Chipotle Mexican Grill, Inc. ( CMG Quick Quote CMG - Free Report) is likely to benefit from digital initiatives, chipotlane add-ons and menu innovation. However, a decline in traffic from pre-pandemic levels as well as inflationary commodity and wage pressures is a concern. Let us discuss the factors highlighting why investors should retain the stock for the time being. Key Catalysts
Chipotle is leaving no stone unturned to make digital ordering more appealing to customers and highly efficient for restaurants. The company redesigned and simplified the online ordering site, enabled online payment for catering and collaborated with several well-known third-party providers for delivery. There has been a significant increase in digital orders and guest satisfaction since its Smarter Pickup Times technology rollout. During third-quarter 2021, digital sales increased 8.6% year over year to $840.4 million. The company witnessed a rise in order-ahead transactions, owing to enhanced guest access and convenience.
Chipotle is also gaining from the rollout of Chipotlanes. During third-quarter 2021, the company opened 41 new restaurants, out of which 36 had Chipotlane in them. The digital gap for restaurants (with Chipotlanes) was 10-15% higher than non-Chipotlane restaurants. The addition of Chipotlanes’ enhanced customer access and convenience. The same also bolstered new-store restaurant sales, margins and returns. For 2021, the company expects more than 75% of its new openings to have a Chipotlane in it.
Moreover, impressive comps performance continues to drive growth. Despite the coronavirus crisis, the company reported comps growth for the fifth straight quarter. During third-quarter 2021, comparable restaurant sales increased 15.1% year over year, following an increase of 31.2% (in second-quarter 2021), 17.2% (first-quarter 2021) and 5.7% (fourth-quarter 2020). Consistent strength in digital sales, solid recovery of in-restaurant sales and positive customer reception to new menu items contributed to the company’s results. For fourth-quarter 2021, the company anticipates comps growth in the low- to the mid-double-digit range.
The company stated that it has several new products in the pipeline that are in the early stages of consumer testing. The introduction of new items, solid marketing activities that include a combination of brand-building efforts as well as transaction-driving promotions and advertising are likely to lead to a steady inflow of customers. Chipotle intends to emphasize on Tractor beverages, which is subject to normalization of the pandemic scenario. Nonetheless, increased focus on the stage-gate process, leveraging digital programs to expand access and convenience, frequent customer interaction through its loyalty program, menu innovation and operational excellence are likely to drive the company. These factors will help customers to resonate more with the company.
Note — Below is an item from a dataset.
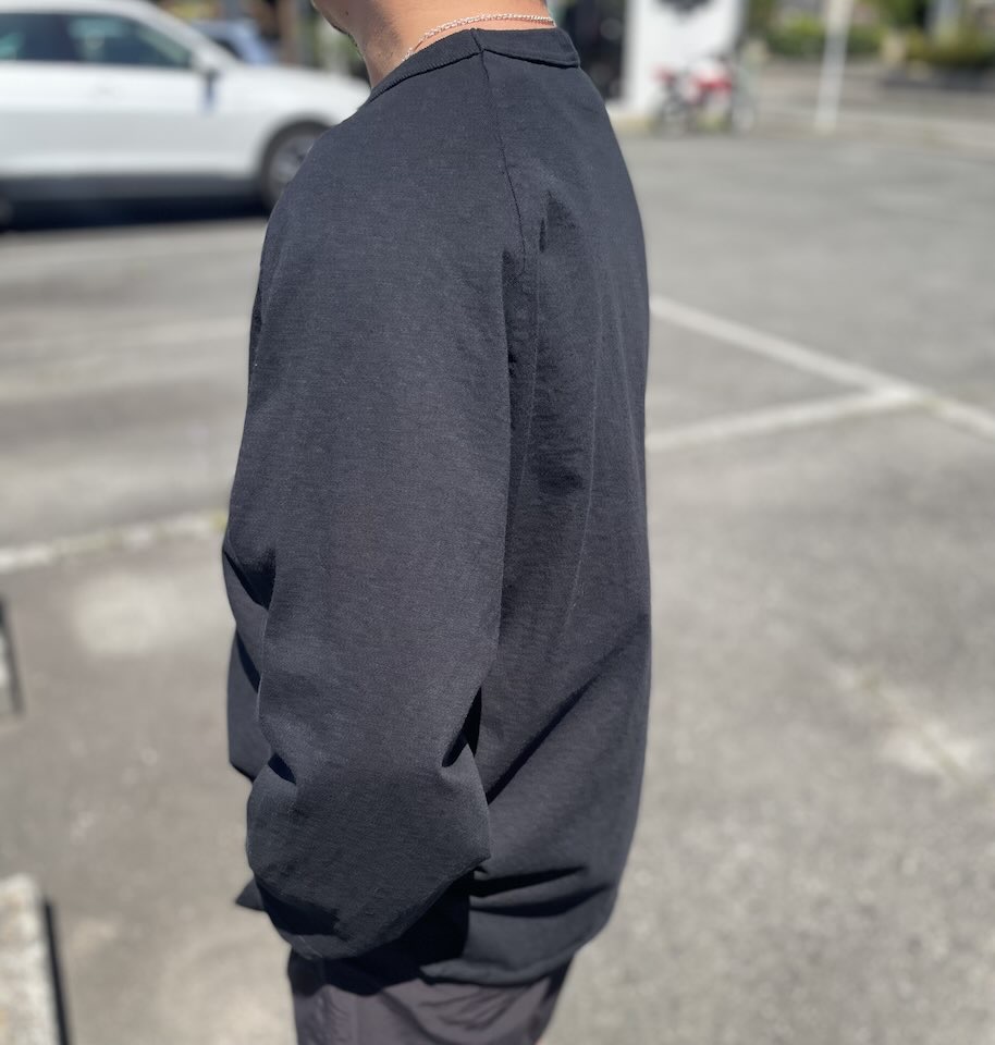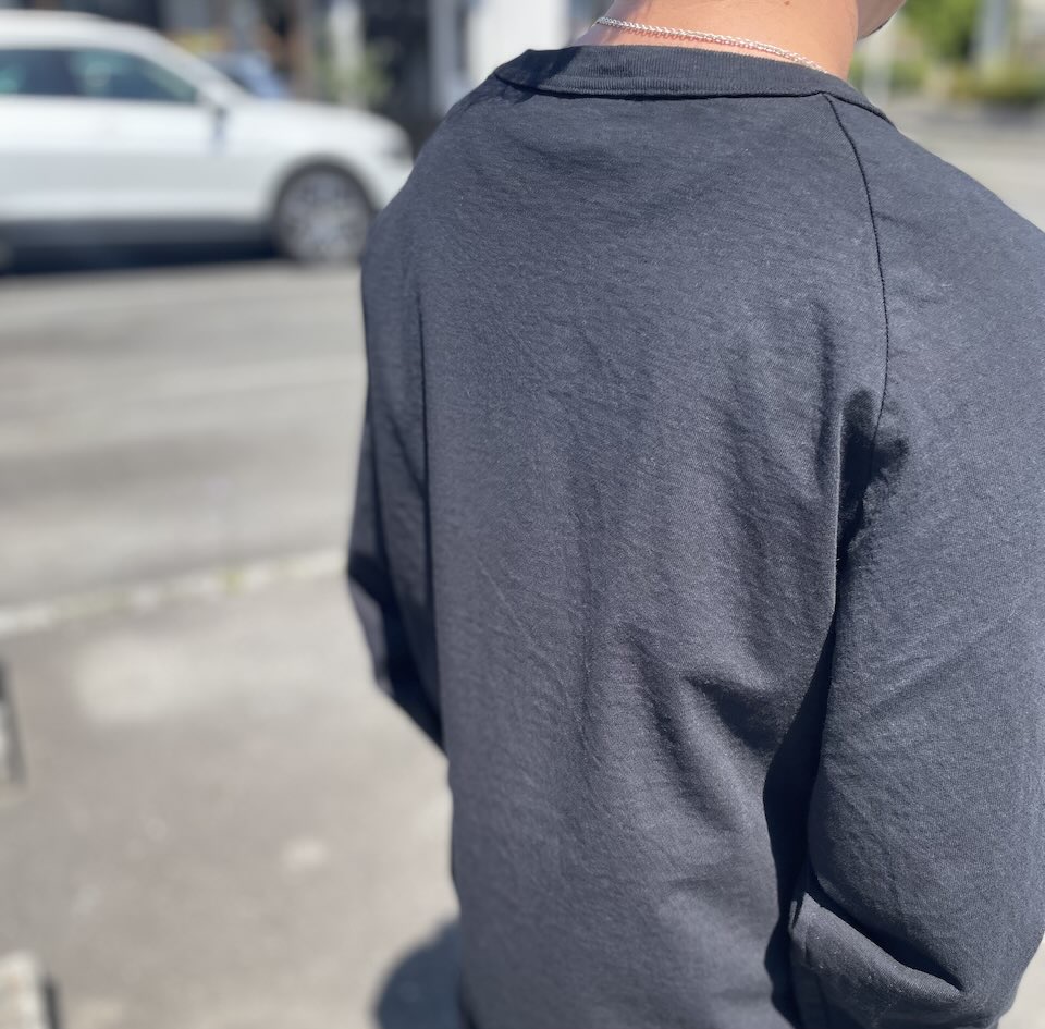 アメリカンアスレチックウェアといえばのディテールである丸胴使いのデザインと裾のラウンドカット、ラグランスリーブ、ネックのバインディングが特徴です。

Concerns Image Source: Zacks Investment Research
Shares of Chipotle have declined 18.9% in the past three months compared with the
industry’s 6.6% fall. The downside was caused by the coronavirus crisis. Pandemic-induced restrictions and labor challenges had taken an enormous toll on the company. Although the majority of dining services are open, traffic is still low compared with pre-pandemic levels. Going forward, the company intends to monitor the situation on a regular basis to gauge the impacts of COVID-19. Chipotle has been continuously incurring increased expenses, which have been detrimental to margins. Although the company successfully navigated numerous industry-wide disruptions during third-quarter 2021, leading to a decline in food costs, it acknowledges that higher costs associated with beef and freight are a concern. An increase in labor costs is another headwind. Given the ongoing elevated wage inflation and new unit openings, the company expects labor costs to be in the mid-26% range in fourth-quarter 2021. Zacks Rank & Key Restaurant Picks
Chipotle currently carries a Zacks Rank #3 (Hold). You can see
the complete list of today’s Zacks #1 Rank (Strong Buy) stocks here. Some better-ranked stocks from the Zacks Retail-Wholesale sector include Arcos Dorados Holdings Inc. ( ARCO Quick Quote ARCO - Free Report) , Genesco Inc. ( GCO Quick Quote GCO - Free Report) and Macy's, Inc. ( M Quick Quote M - Free Report) . Arcos Dorados sports a Zacks Rank #1. It has long-term earnings growth of 42.9%. Shares of Arcos Dorados have increased 13.7% in the past three months. The Zacks Consensus Estimate for ARCO’s 2022 sales and earnings per share (EPS) suggests growth of 10.4% and 255.6%, respectively, from the year-ago period’s levels. Genesco sports a Zacks Rank #1. The company has a trailing four-quarter earnings surprise of 2,739.6%, on average. Shares of Genesco have surged 63.6% in the past year. The Zacks Consensus Estimate for GCO’s 2022 sales and EPS indicates a rise of 35.6% and 673.7%, respectively, from the year-ago period’s levels. Macy's currently sports a Zacks Rank #1. The company has a trailing four-quarter earnings surprise of 313.5%, on average. Shares of Macy’s have increased 104.3% in the past year. The Zacks Consensus Estimate for M's 2022 sales and EPS suggests growth of 39.6% and 320.4%, respectively, from the year-ago period’s levels.